С открытием для Японии внешней торговли в 1854 г. на европейский рынок хлынули японский фарфор, шелка, предметы одежды, ширмы, лаковые изделия и, конечно, произведения изобразительного искусства. Знакомство с практически неизвестной ранее культурой не могло не отразиться на культурной жизни Европы конца XIX – начала XX в. В изобразительном искусстве появились новые черты изображаемого: отдельно стоящих фигур, обрезанный формат картинной плоскости, асимметричное построение картины, экстремально углубленные вдаль диагонали, «зарешеченность» картины при помощи деревьев и пр.

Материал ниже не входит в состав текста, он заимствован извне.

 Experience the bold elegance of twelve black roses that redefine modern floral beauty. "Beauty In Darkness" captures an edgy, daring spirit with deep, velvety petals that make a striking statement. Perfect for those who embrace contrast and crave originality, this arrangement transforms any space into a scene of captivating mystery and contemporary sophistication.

Фантастическая живопись, созданная под впечатлением японской графики, находит воплощение в неожиданных сочетаниях реальности и вымысла. Портрет танцовщика А.С. Сахарова [1909, фонд Марианны Веревкиной, Музей современного искусства, Аскона] отражает новые тенденции. Портретируемый на мгновение замер в одиозной позе, темный силуэт затянут в некое платье, напоминающее японское кимоно. Лаконичный образ помещен в ирреальное пространство. Сочетание синих крупных цветовых плоскостей придает портрету таинственность: «Темный цвет, банальность композиции – все это у него от мюнхенской школы <…> Жаль, что он позволяет раскусить свою манеру, такую родственную Мане – Веласкесу, обнаружить нотки а-ля Хокусай…»168
Облекая модель в лицо-маску, М.В. Веревкина создает образ, отрешенный от мирского, сиюминутного бытия, дополняя тонкой графикой моделировку деталей. Взгляд модели обращен в нижний левый угол картинной плоскости, остается загадкой, что привлекло внимание и так заинтересовало танцовщика. Поворот фигуры и диагональное движение руки А.С. Сахарова акцентируют внимание на алом цветке – символе плодородия и силы, дающей жизнь.

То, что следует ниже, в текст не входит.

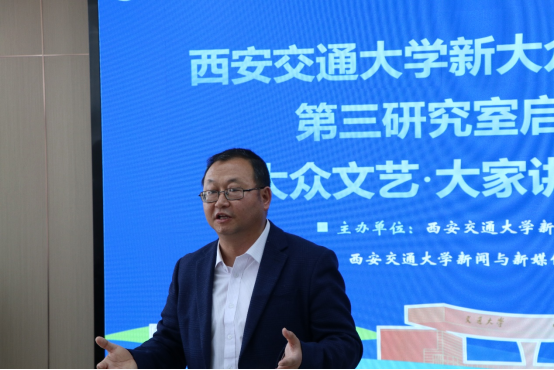 近日,为深入落实国家有关新大众文艺的工作部署,迎接西安交通大学130年校庆暨迁校70周年,深耕人文社科研究高地、推进学科交叉融合发展,西安交通大学新大众文艺研究中心第三研究室启动仪式举行。陕西师范大学学术委员会副主任、文学院二级教授李震,西安交通大学社科处处长梅红教授,人文学院院长李黎明教授,新闻与新媒体学院二级教授杨琳,西安交通大学出版社党委书记、社长李重教授,新大众文艺研究中心第三研究室负责人、人文学院哲学系妥建清教授等出席仪式,人文学院纪梦然书记主持本次活动。校内外专家学者及师生代表100余人齐聚现场,共同见证这一重要学术合作的达成,共享前沿研究成果,共话新时代新大众文艺的理论建构与发展未来,以高水平学术实践为学校校庆献礼,为国家文化战略落地注入交大力量。

В других работах мюнхенского периода воздействие японского искусства является не настолько явным и не может быть определено формально. Цветные гравюры Хокусая оказали значительное влияние на изобразительные средства и способы выражения в творческих поисках импрессионистов: виды священной горы Фудзи были образцом для серийных работ П. Сезанна и К. Моне. Известно, что В. Ван Гог также относился к японскому искусству с большим интересом: в письмах из Парижа он откровенно признается другу Лео о новом источнике своего вдохновения при создании картин: «Вся моя работа немного основана на Японии»169. Кроме того, для Ван Гога поездка в 1888 г. на юг Франции представляет собой некое подобие замены столь желанного путешествия в Японию: «Кто не поедет в Японию, тот поедет на юг. Я думаю, что будущее искусства нужно искать на юге <…> Взгляд меняется, вы смотрите, как будто японским глазом, воспринимаете цвета совершенно по-другому <…> я понимаю, что это впечатление, долгое пребывание здесь, позвольте мне выразить всю мою личность»170.

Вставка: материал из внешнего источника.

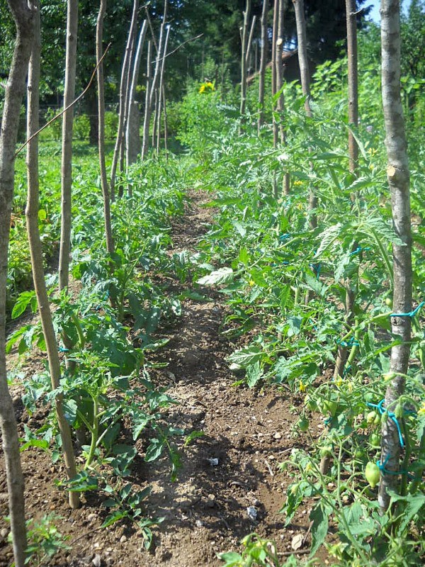 V desni vrsti nasada paradižnika je samo po dveh tednih opaziti očitno razliko v rasti in rodnem nastavku. Tudi levo vrsto smo po fotografiranju dognojili s kompostom, ki smo ga pripravili s pomočjo efektivnih mikroorganizmov.

Это влияние может показаться неявным, почти неразличимым: как и прежде, остаются отдельные изобразительные детали – человек, дерево, церковь, но выраженным элементом общей японизирующей стилистики являются разделенные ущельем две горные вершины – подобный элемент предполагает появление кратера вулкана. Здесь можно проследить явную аналогию с ксилографией К. Хокусая «Сосна перед Фудзи» (1835).
В 1910 г. М.В. Веревкина написала «Красное дерево». Это изображение – ключевое, созданное под непосредственным впечатлением от японского искусства. В эскизе к картине «Красное дерево» [1910, фонд Марианны Веревкиной, Музей современного искусства, Аскона] можно разглядеть явную аналогию с изображениями священной горы Фудзи. В эскизе автор выбрала горизонтальный формат. Художник неожиданно меняет формат с горизонтального в эскизе на вертикальный. В то же время М.В. Веревкина наделяет художественный образ картины семантическим смыслом. Сюжет восходит к идее о могучем дереве, которое является осью мироздания, божественного начала. Влияние на сюжет картины оказала трагедия И.-В. фон Гете «Фауст», перевод которой связывает искусство Серебряного века с библейской символикой: «Теория, мой друг, суха, / Но зеленеет жизни древо»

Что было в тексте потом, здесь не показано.